I mean this in and of itself is shocking. Background and family interactions seem like they'd be pretty key to understanding how a person thinks/feels. None of the therapists even asked about your familial interactions? That definitely seems like gross incompetence. 




> I'm also realizing that this was basically constantly triggering trauma reactions in therapy.  Except, again, I don't think those were ever really caught.  I tend to kind of shut down more than anything in situations like that, and then react very strongly later.  It's not voluntary and without knowing what to look for I probably wouldn't even know that the shut down reaction is abnormal.  (It's a reaction that makes sense if you're aware that I'm used to environments where showing the "wrong" emotions was strongly punished.)  I apparently can be at the point where I haven't eaten or slept for 3 days from stress and still have therapists telling me that I'm only mildly anxious, even in the face of me trying to convince them that there's an actual problem.  I think that was ultimately responsible for ending a lot of times, when the symptoms from uncontrolled reactions to the triggers were more than I could handle.  But that all that was brushed off as "therapy is hard" and I was encouraged to work through it - again, looking back I think that the therapists were thinking I was blowing things out of proportion when I was actually understating them.

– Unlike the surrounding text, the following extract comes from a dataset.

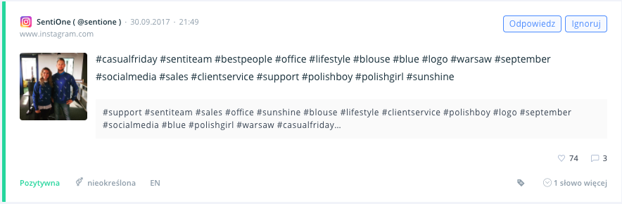 Reactions recognition on Facebook is not all. SentiOne has a lot of features to help you fully understand the web. On Instagram, other than the comments, we gather the hearts received by uploaded photos.

I can certainly see how this could have negative impacts on prior therapy sessions and how, if the therapist was unaware, it would simply seem like you not participating. But this seems like something you could bring up, up front with a therapist, at least in a similar manner to what you brought up here (though I suppose you may have already tried that with less success...)

----------


## WarKitty

> I mean this in and of itself is shocking. Background and family interactions seem like they'd be pretty key to understanding how a person thinks/feels. None of the therapists even asked about your familial interactions? That definitely seems like gross incompetence.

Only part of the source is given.